Exercise = Copy, word for word, the lines below from the one containing "Woman smiling and" up to and including the one containing "فلسطيني يسير بجوار", with pictures left out.

Available data =

---

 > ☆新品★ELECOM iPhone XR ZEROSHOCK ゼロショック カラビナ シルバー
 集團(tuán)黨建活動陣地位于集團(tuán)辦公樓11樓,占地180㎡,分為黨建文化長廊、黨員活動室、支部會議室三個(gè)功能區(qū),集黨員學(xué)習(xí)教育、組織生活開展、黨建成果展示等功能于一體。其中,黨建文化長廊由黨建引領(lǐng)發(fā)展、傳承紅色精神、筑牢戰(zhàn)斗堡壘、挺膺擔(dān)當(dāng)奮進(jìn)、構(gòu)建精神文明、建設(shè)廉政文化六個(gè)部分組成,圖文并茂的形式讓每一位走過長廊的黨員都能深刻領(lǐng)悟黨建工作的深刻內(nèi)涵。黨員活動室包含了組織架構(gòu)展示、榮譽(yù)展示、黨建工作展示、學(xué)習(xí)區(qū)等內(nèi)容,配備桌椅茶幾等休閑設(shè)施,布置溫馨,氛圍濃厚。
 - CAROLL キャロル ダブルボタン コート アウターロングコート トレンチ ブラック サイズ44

---

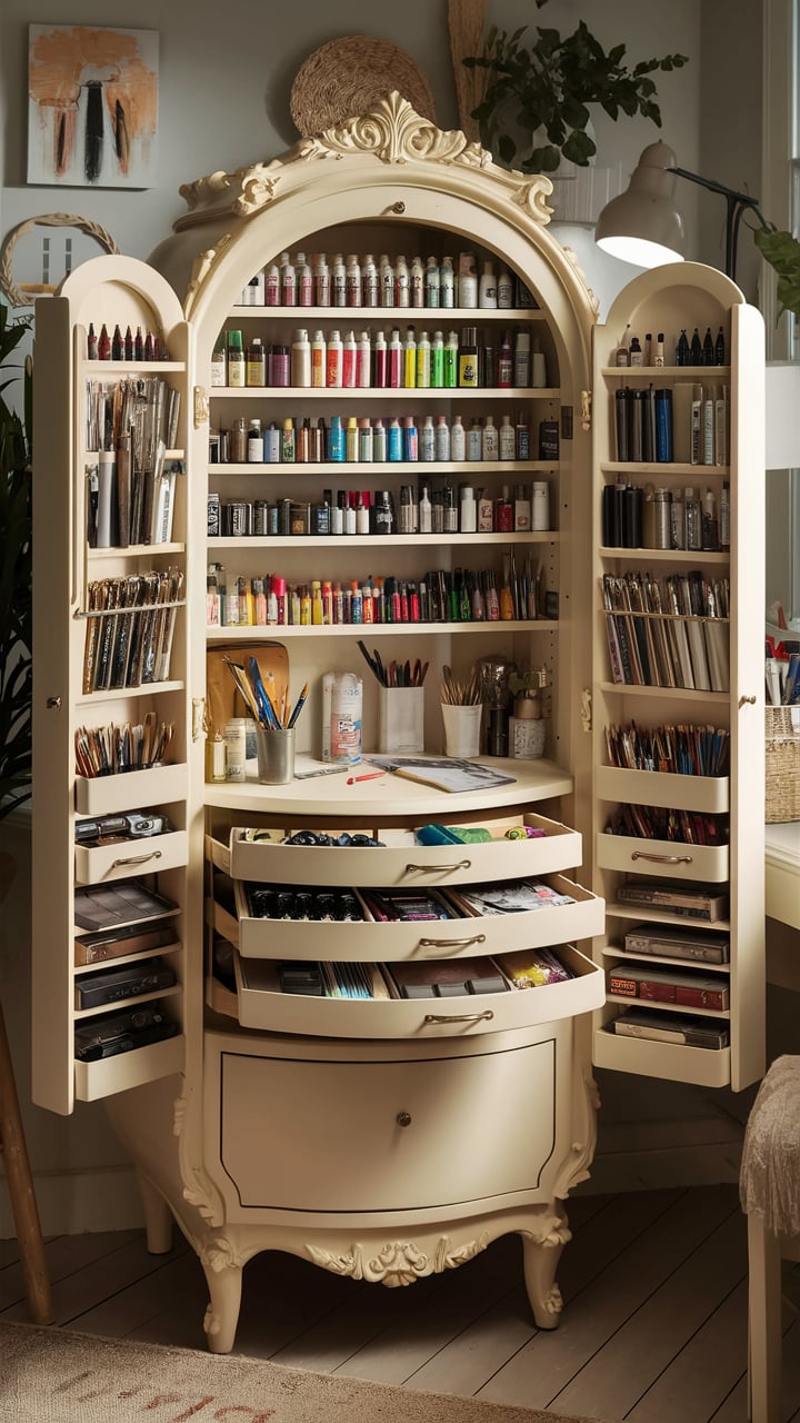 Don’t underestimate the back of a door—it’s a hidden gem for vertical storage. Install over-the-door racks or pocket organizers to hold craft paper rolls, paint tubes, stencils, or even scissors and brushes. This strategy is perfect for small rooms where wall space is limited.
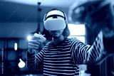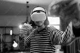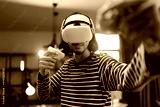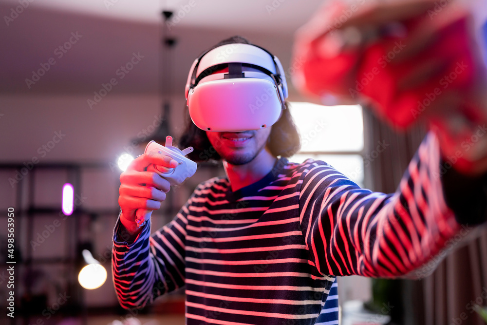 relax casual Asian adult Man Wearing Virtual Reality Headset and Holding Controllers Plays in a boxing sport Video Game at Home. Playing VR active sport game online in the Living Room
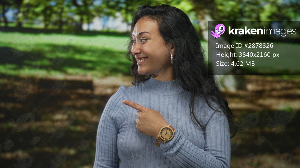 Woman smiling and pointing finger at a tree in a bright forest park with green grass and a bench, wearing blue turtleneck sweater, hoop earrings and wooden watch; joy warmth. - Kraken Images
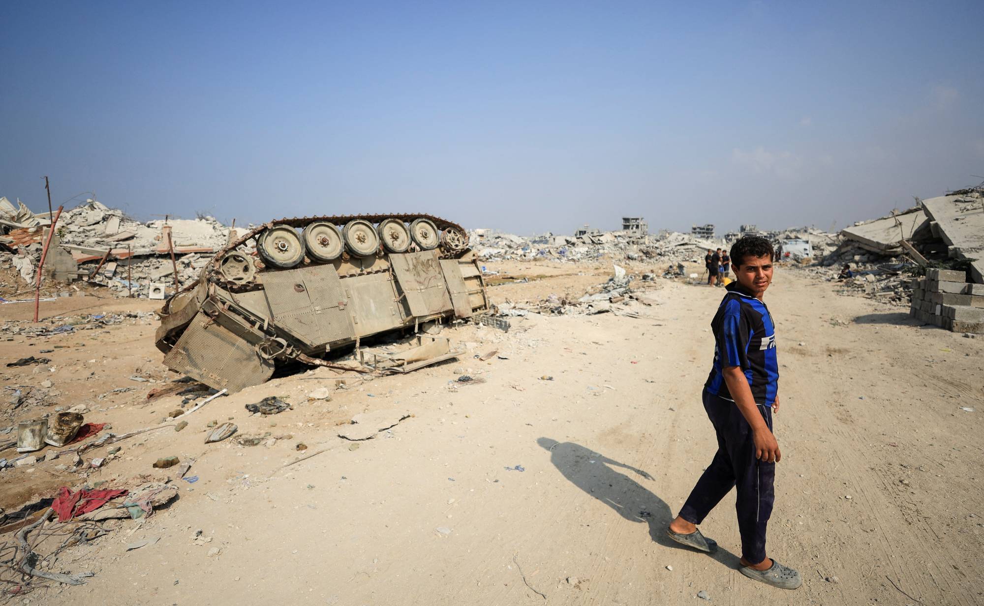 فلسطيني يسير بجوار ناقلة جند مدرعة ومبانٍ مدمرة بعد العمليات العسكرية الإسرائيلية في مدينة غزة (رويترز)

---

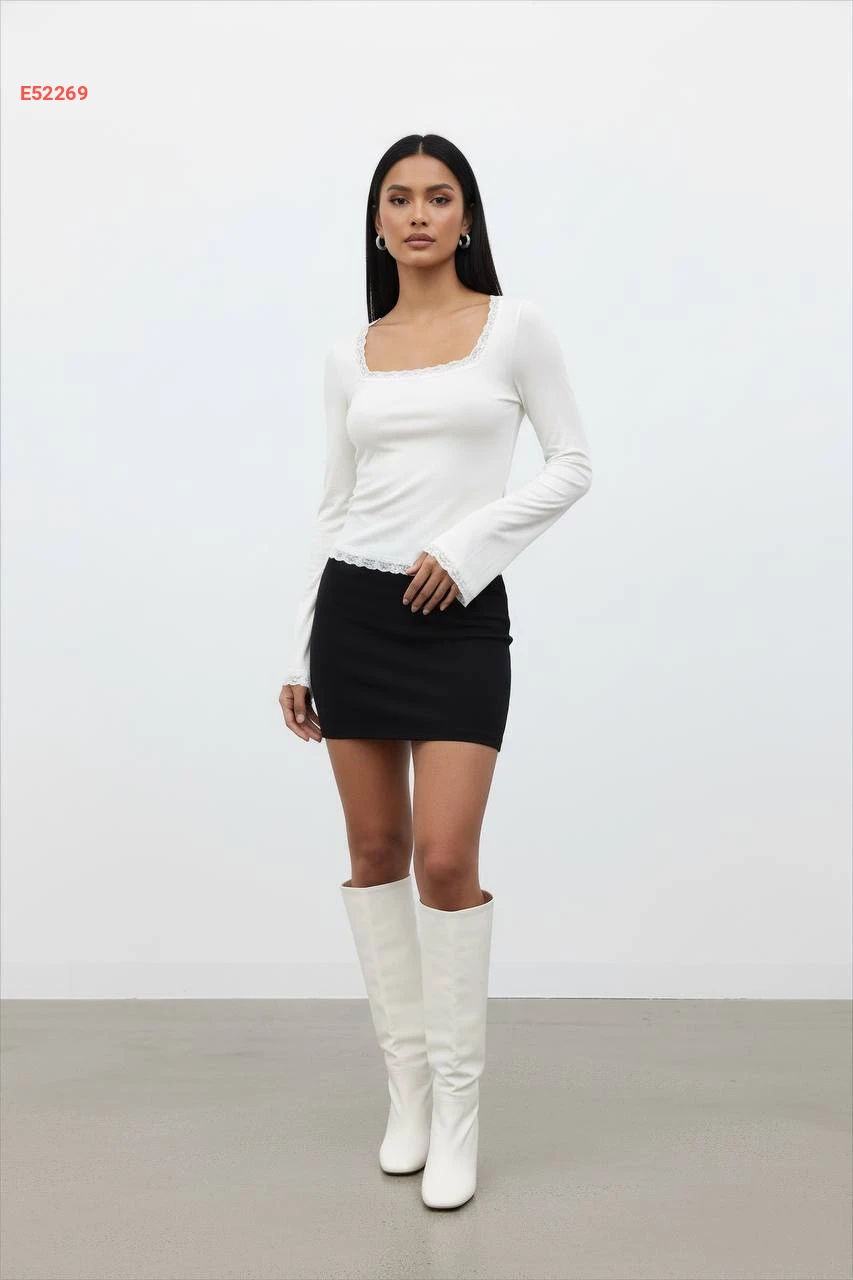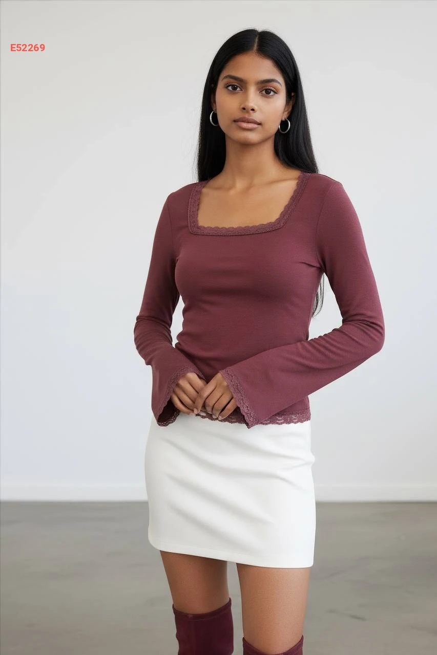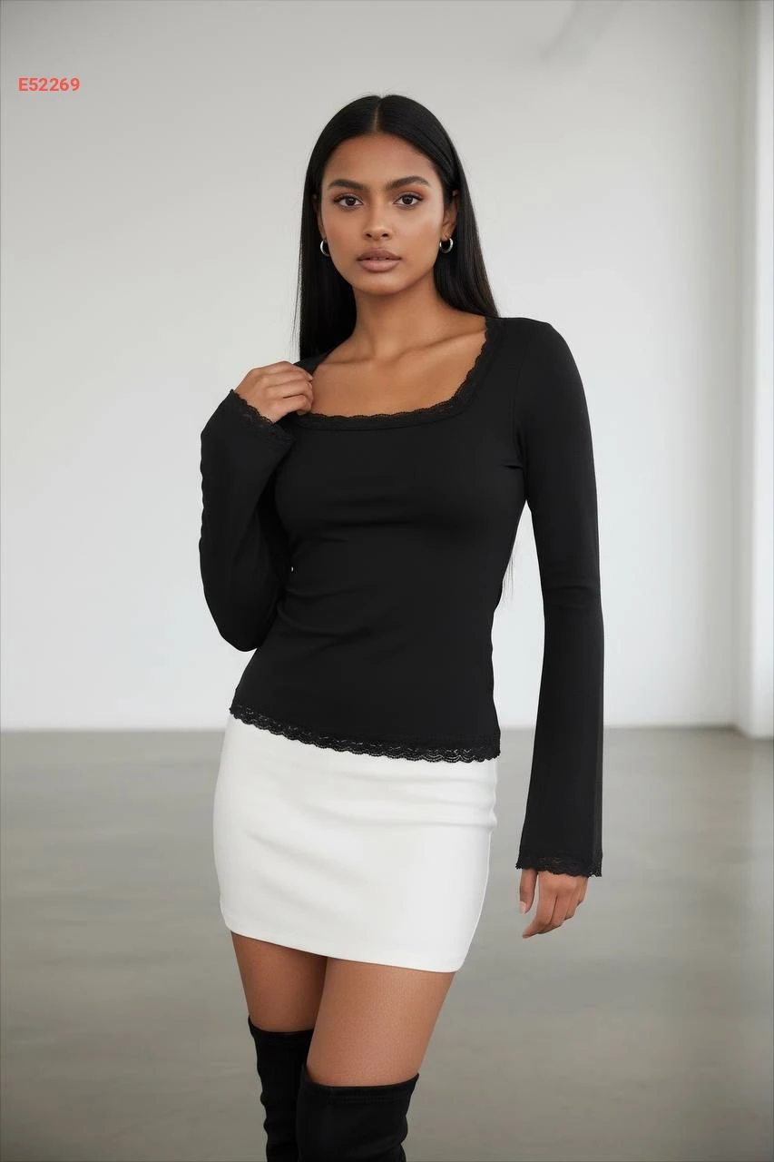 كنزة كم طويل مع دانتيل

---

Solution =
 Woman smiling and pointing finger at a tree in a bright forest park with green grass and a bench, wearing blue turtleneck sweater, hoop earrings and wooden watch; joy warmth. - Kraken Images
 فلسطيني يسير بجوار ناقلة جند مدرعة ومبانٍ مدمرة بعد العمليات العسكرية الإسرائيلية في مدينة غزة (رويترز)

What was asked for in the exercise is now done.